Component re-used on the page more-than-once, but with different CT's presenting a "slice" of the Component's fields.

Component re-used on the page more-than-once, but with different CT’s presenting a “slice” of the Component’s fields.

The biggest catch with re-using a Component like this is Experience Manager (XPM)–a selected Component will activate for editing wherever it’s presented on the page. Also, XPM Page Types can’t get create multiple Component Presentations (CPs) using the same copy of a prototyped Content Type. However, the Event System or some dummy placeholder CP can help–the editor gets one new Component from the Page Type and the rest are automated or manually re-added with different CTs.

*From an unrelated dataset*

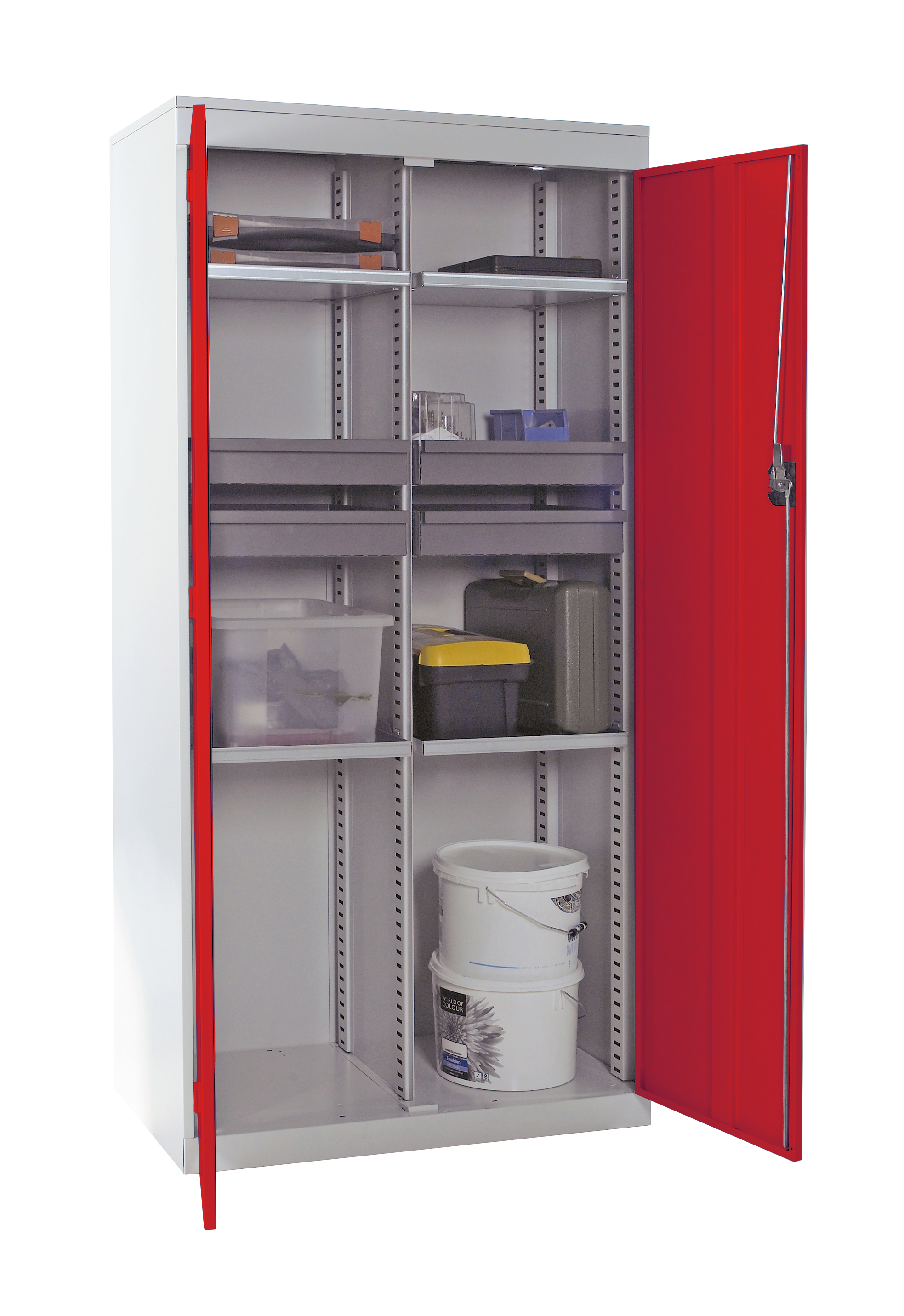 This is 2 Door 4 Drawer Steel Floor Standing Tool Cabinet 1820 x 915 x 505mm manufactured by RS PRO. The manufacturer part number is 214-046. It has a floor standing trait yes . It contains 2 dedicated doors . The given dimensions of the product include 1820 x 915 x 505mm. The product is made from highly stable and reliable steel. It contains 4 high quality shelves . It includes 4 high-quality drawers . It comes in cabinet configuration.

So, when do you use slicing as a CMS design pattern? When you:

  1. Need the ability to move sets of fields up-and-down in a Template, Page, or other CMS element
  2. Want related fields managed in fewer Components (e.g. all solution-related fields in the same solution Component)
  3. Need consistency in the presentation (a heading is consistently an H1 or H2 rather than random-by-design).
  4. Have a relatively “flat” HTML design

Have you “sliced” before? Multiple CTs revealing parts of the same Schema? Multiple layout TBBs in a CT? Leave a comment. If this all makes sense, consider how slicing might apply to SmartTarget and SDL Mobile.

One thought on “SDL Web Design Pattern: “Slicing”

  1. Alvin, I really like this idea and can see it being used in some scenarios I’ve run into. Working with Damian on a project we’ve moved a lot of our rendering out to C# code in TBBs, which has allowed us to create reusable classes for key groups of fields that get used across multiple components. Of course, this has implications on XPM implementation, as well as what skills are needed to update the layout templates.